Today, the team trains out of Atlanta, Georgia in preparation for the upcoming Kabaddi World Cup, USA Kabaddi Cup, and USA Kabaddi League. The team intends to assist the sport in bidding for Olympic inclusion as they continue to spread the sport globally.

==Team==

| Name | Position | Role |
|---|---|---|
| James Obilo | Defender | Coach |
| Troy Bacon | Defender | Captain |
| Dillyon Banks | Raider | Co-Captain |
| Jake Kantor | Raider | Co-Captain |
| Bismark Charles | Defender |  |
| Ben Marcellus | Defender |  |
| Tristan Shonfield | All Rounder |  |
| Alex Joeseph | All Rounder |  |
| Na’im | All Rounder |  |
| Kadir | All Rounder |  |
| Raheem | Defender |  |
| Yabo | Defender |  |
| Hitesh | All Rounder |  |
| Victor Lawrence | All Rounder |  |
| Devin Anderson | Defender |  |
| Jamil Lovett-Harvey | Defender |  |

== 2016 Kabaddi World Cup ==
The U.S. squad was one of several newcomer teams at the World Cup that The Guardian classified as being a "ragtag [unit] of novices, part-timers, and transplants from other sports". The team, composed primarily of athletes and hip-hop musicians from the historically black Florida A&M University, was recruited through word-of-mouth advertising and social media posts. One member was recruited through a text message that asked "Do you want to go to India?".

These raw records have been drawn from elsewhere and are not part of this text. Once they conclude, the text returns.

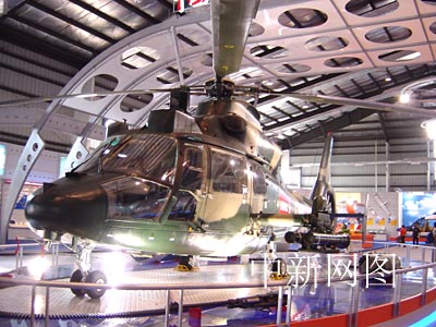 航空二集團的其展區(qū)突出位置展示一架國產(chǎn)直-9武裝直升機.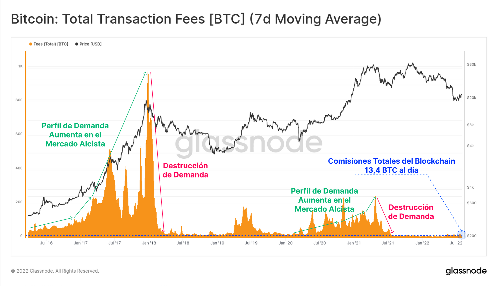 Como resultado de una pobre demanda de transacciones, las comisiones de las transacciones del blockchain siguen claramente en territorio de mercado bajista 🔵, con apenas unos 13,4 BTC pagándose en total al día en comisiones. Muy parecido a lo que ocurre con las direcciones activas, y la demanda por transacción, vemos que la destrucción de demanda 🔴 se hace evidente desde el mes de mayo del 2021, cuando colapsa la congestión del network, y las comisiones empiezan a dibujar la clásica base de los mercados bajistas.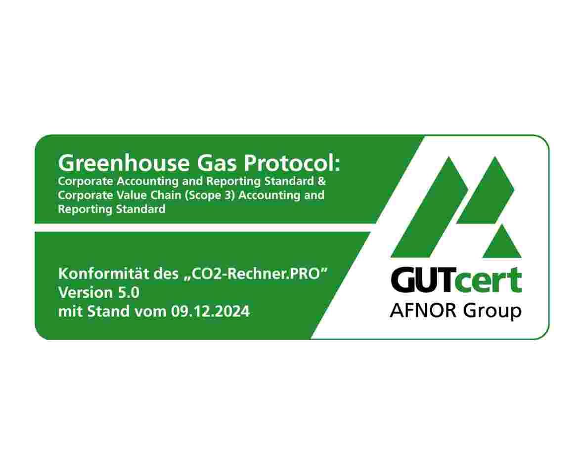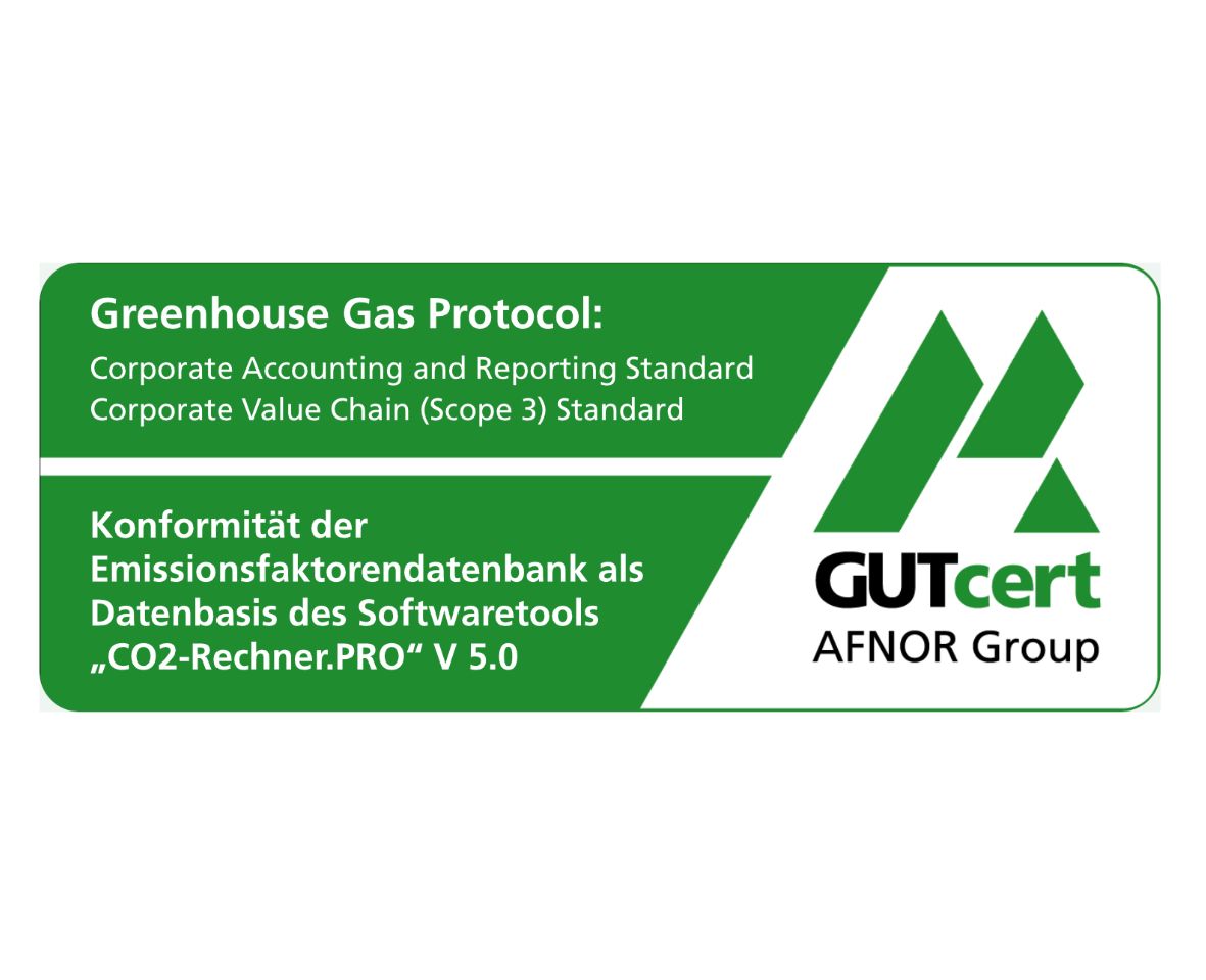 Mit GUTcert-zertifizierter Konformität der Emissionsfaktorendatenbank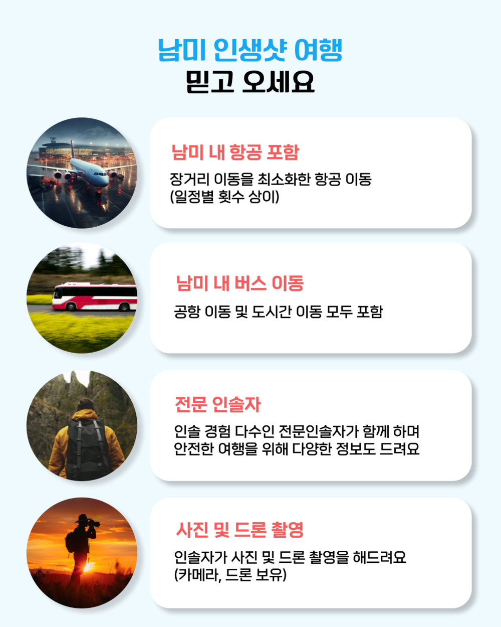 * 세미패키지 특성상 인솔자가 한국에서 동행하지 않고 현지 공항에 마중나가는 상품입니다.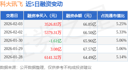 证券之星消息,2月3日,科大讯飞(002230)融资买入5.81亿元,融资偿还5.46亿元,融资净买入3526.83万元,融资余额66.85亿元,近20个交易日中有13个交易日出现融资净买入。

They briefly trained in Jacksonville on a baseball field before traveling to India for the tournament. None of the players were familiar with kabaddi, but had experience in other sports such as American football, Track and field, and basketball. Team member Dillyon Banks felt that the training regiment of two sessions per-day was demanding, remarking that "there were people throwin' up on the field. We're not getting paid to do this. The dedication, the heart, the team effort it took in a short period of time to make this whole thing work is what brought us together."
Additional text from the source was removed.